● **What the exercise asks**
Copy every record below exactly as written, but leave out the pictures.

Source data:

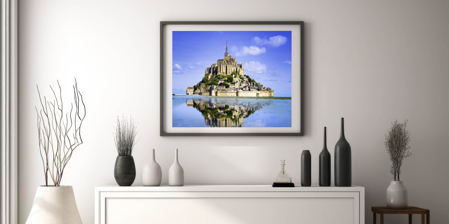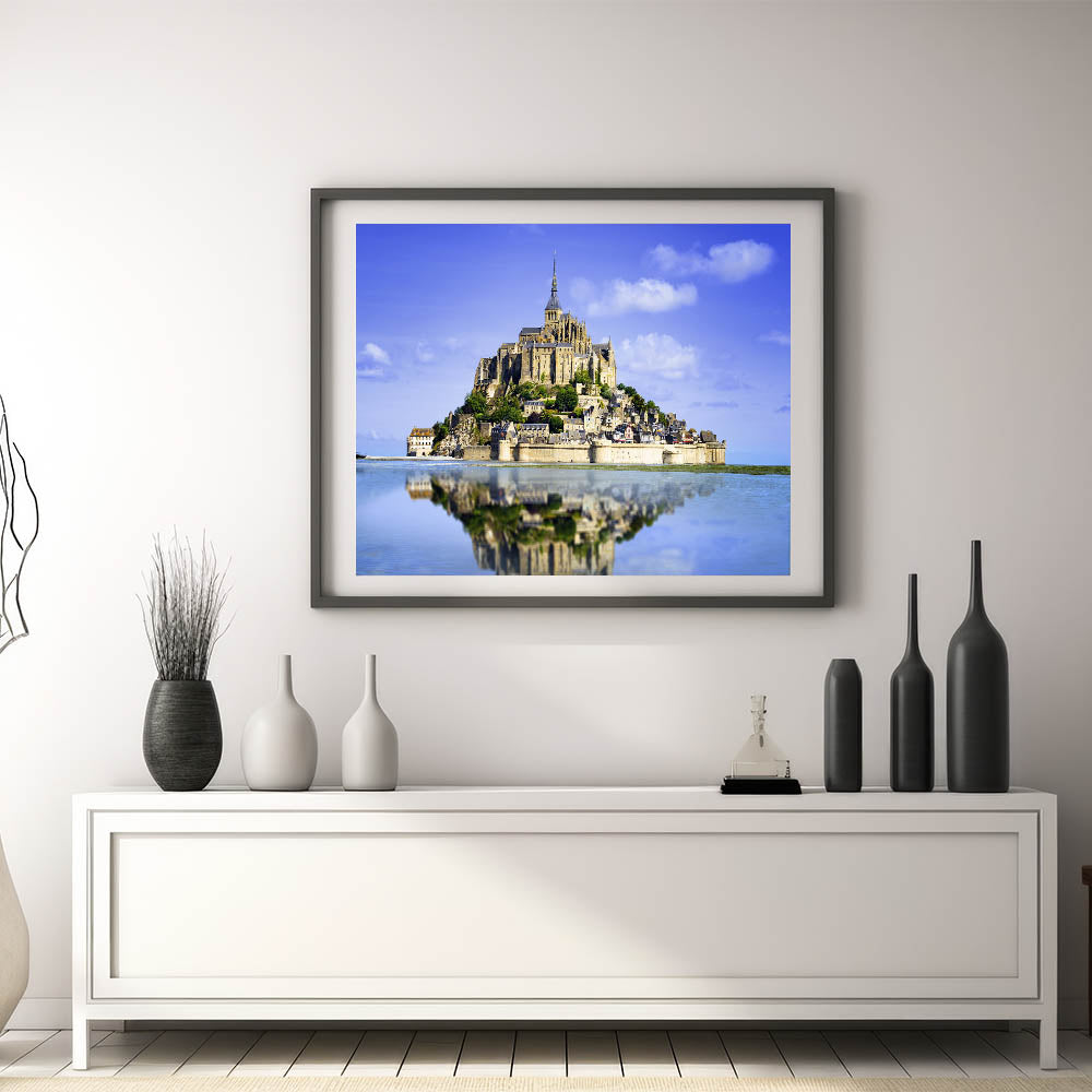 This versatile Mont St. Michel print is perfect for anyone who appreciates the beauty of French landscapes and architecture. Whether for your living room, bedroom, or office, this piece will create a serene, sophisticated atmosphere in your home.
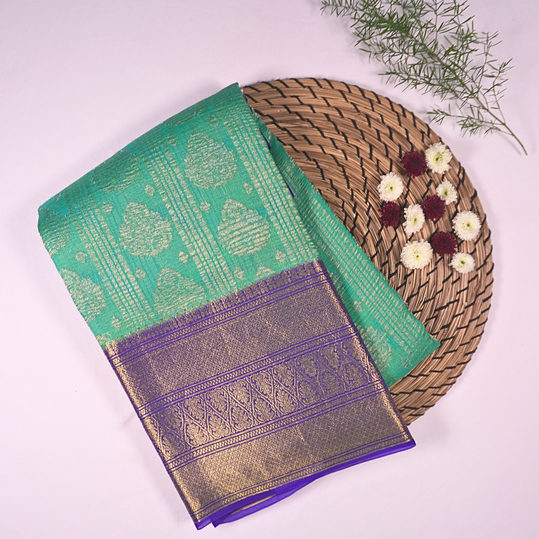 Kora silk sarees are woven from pure silk yarn, giving them a sheer, lightweight feel.
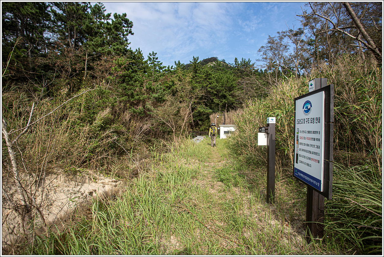 ▽ 화장실이 있는 건물쪽에 들머리가 있는가 했는데 산 해변으로 이어진 계곡이 있는 오른쪽으로 등로가 있다는 것이 해변에서는 잘 보이질 않아 자칫 초장부터 헤멜 뻔 했다.
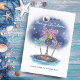 La carta de los Navidades tropicales temáticos de la playa incluye una isla de "arena" brillante, palmeras adornadas con luces de cuerda y Santa y renos que vuelan a través del mágico cielo nocturno, iluminado por la luna y las estrellas. Obra de KL Stock.
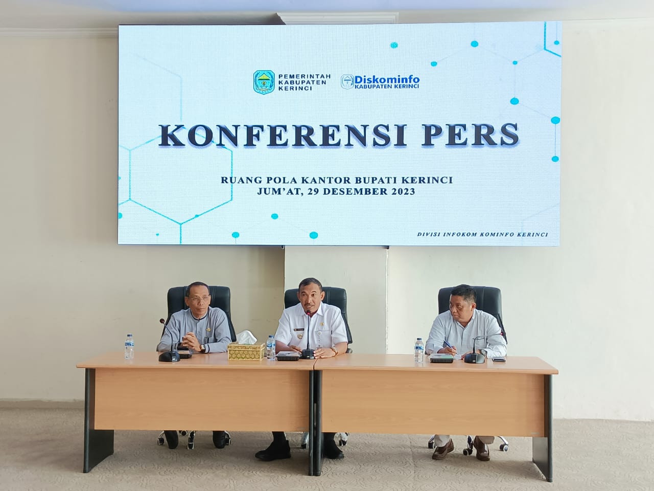 KERINCI – Pj. Bupati Kerinci Asraf, menggelar konferensi pers menyikapi aksi demo peserta seleksi Pegawai Pemerintah dengan Perjanjian Kerja (PPPK) yang menuntut kejelasan terhadap dugaan kecurangan dalam seleksi PPPK tahun 2023. Jumat (29/12/2023)

● **Solution to the exercise**
 This versatile Mont St. Michel print is perfect for anyone who appreciates the beauty of French landscapes and architecture. Whether for your living room, bedroom, or office, this piece will create a serene, sophisticated atmosphere in your home.
 Kora silk sarees are woven from pure silk yarn, giving them a sheer, lightweight feel.
 ▽ 화장실이 있는 건물쪽에 들머리가 있는가 했는데 산 해변으로 이어진 계곡이 있는 오른쪽으로 등로가 있다는 것이 해변에서는 잘 보이질 않아 자칫 초장부터 헤멜 뻔 했다.
 La carta de los Navidades tropicales temáticos de la playa incluye una isla de "arena" brillante, palmeras adornadas con luces de cuerda y Santa y renos que vuelan a través del mágico cielo nocturno, iluminado por la luna y las estrellas. Obra de KL Stock.
 KERINCI – Pj. Bupati Kerinci Asraf, menggelar konferensi pers menyikapi aksi demo peserta seleksi Pegawai Pemerintah dengan Perjanjian Kerja (PPPK) yang menuntut kejelasan terhadap dugaan kecurangan dalam seleksi PPPK tahun 2023. Jumat (29/12/2023)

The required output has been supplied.